Support cp.async in double buffering, particularly pipe down LoadStoreOp in the analysis, and insert cp.async.wait in the double buffer loop.

…ync_initial_support

shmsong · 2022-05-07T01:39:17Z

These two C++ tests fail on my system:

[  FAILED  ] 2 tests, listed below:
[  FAILED  ] NVFuserTest.FusionPersistentNormLocalShared_CUDA
[  FAILED  ] NVFuserTest.FusionSmemBlockGemmCacheDoubleBuffer_CUDA

[ RUN      ] NVFuserTest.FusionPersistentNormLocalShared_CUDA
unknown file: Failure
C++ exception with description "(dynamic_smem_size) < (available_dynamic_smem_without_reconfiguration + additional_dynamic_smem_available_through_reconfiguration) INTERNAL ASSERT FAILED at "../torch/csrc/jit/codegen/cuda/executor.cpp":571, please report a bug to PyTorch. The total shared memory allocation is larger than available memory. Dynamic size: 66048. Available size: 49136. Configured smem size: 49152. Device limit size: 65536

[ RUN      ] NVFuserTest.FusionSmemBlockGemmCacheDoubleBuffer_CUDA
unknown file: Failure
C++ exception with description "aten_output_tensor.allclose( fusion_output_tensor.to(aten_output_tensor.dtype()), tolerance_values.second, tolerance_values.first) INTERNAL ASSERT FAILED at "../torch/csrc/jit/codegen/cuda/test/test_gpu_validator.h":436, please report a bug to PyTorch.

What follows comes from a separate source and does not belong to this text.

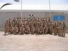 B Battery deployed to Iraq in April 2004 and was tasked with Security Sector Reform (SSR). The Battery was initially based at one of Saddam Hussein’s former Palaces in the south of Basra with Sahagun Troop tasked with mentoring the Tactical Support Unit (TSU) and being based at the Old State Building (OSB) in the centre of the city. B Battery moved location several times during the tour but spent the last two months back at the Palace providing escorts for the Provincial Support Liaison Team (PSLT). This team was part of the G5 support to assist the locals with the rebuilding of Iraq. On 28 September, whilst escorting one of these teams to a housing project in the north of Basra, the patrol was ambushed with small arms and rocket propelled grenades (RPG). The lead Snatch Land Rover was hit by a RPG which killed the driver Gunner David Lawrence and fatally wounded the commander, Corporal Marc Taylor, one of the Royal Electrical and Mechanical Engineers who was serving with the Battery as a team commander. The Battery finished the tour in late October and returned to the UK. After a period of leave, B Battery then prepared itself to deploy to Kenya to support the Royal Ghurkha Rifles (RGR), on Ex GRAND PRIX in the summer of 2005. After converting to the Light Gun, the Battery had a successful exercise. Digitisation followed in 2006 with the Regiment converting from the CLANSMAN radio system to the BOWMAN system. This required extensive re-training however proved successful following a regimental exercise. B Battery deployed to BATUS supporting 2 Royal Welsh in August 2005 and whilst there was warned off for Op TELIC 10 in 2007. On return from the exercise in Canada, the Battery put the guns into the Whole Fleet Management (WFM) programme and was selected to represent the Gunners for the Royal Regiment of Artillery Memorial Service at Hyde Park Corner.[2]

Validation error in output 0 on line 20743 in file ../torch/csrc/jit/codegen/cuda/test/test_gpu.cpp.
  Detected abs error of: 3.25719
    absolute tolerance was set to 8.57934e-06
    and relative tolerance set to 8.57934e-08

Thanks for checking.

Both failures are caused/triggered by #1440 and second one has something to do with TOT. Will put in more details and fix/track.

Need to go offline, will come back to the review discussions. Thanks for the initial feedback 👍

…ync_initial_support

naoyam · 2022-05-12T01:01:27Z

torch/csrc/jit/codegen/cuda/test/test_gpu.cpp

+TEST_F(NVFuserTest, FusionDoubleBufferCpAsync1_CUDA) {
+  // requires ampere+ GPU
+  if (!deviceMajorMinorCheck(8)) {
+    GTEST_SKIP() << "skipping tests on pre-AMPERE GPUs";


I'd prefer these arch-dependent tests go through the lowering and skip the rest so that they are tested on an older GPU to the extent possible.

There's also validation of arch versions at the beginning of lowering, which is inconvenient when I just wanted to see the generated code on my system with a Turing GPU. Perhaps, another PYTORCH_NVFUSER_DISABLE flag to skip the validation?

Certain conditions must hold to make the lowering passes work, but there are also other conditions that do not prevent them to go through, like this use of arch-specific instructions. Another example is non-constant allocations of register arrays. For debugging, I'd like a way to relax those conditions.

I think it'd better to have this test run through the scheduling and then do ASSERT_ANY_THROW with the lowering on pre Ampere devices.

Sure it'd be very helpful debug and test feature. Some extra assertions would be needed in this case to make sure we never send any device mismatched kernel to nvrtc, even nvrtc compile.

Let's move these discussion and changes into #1702.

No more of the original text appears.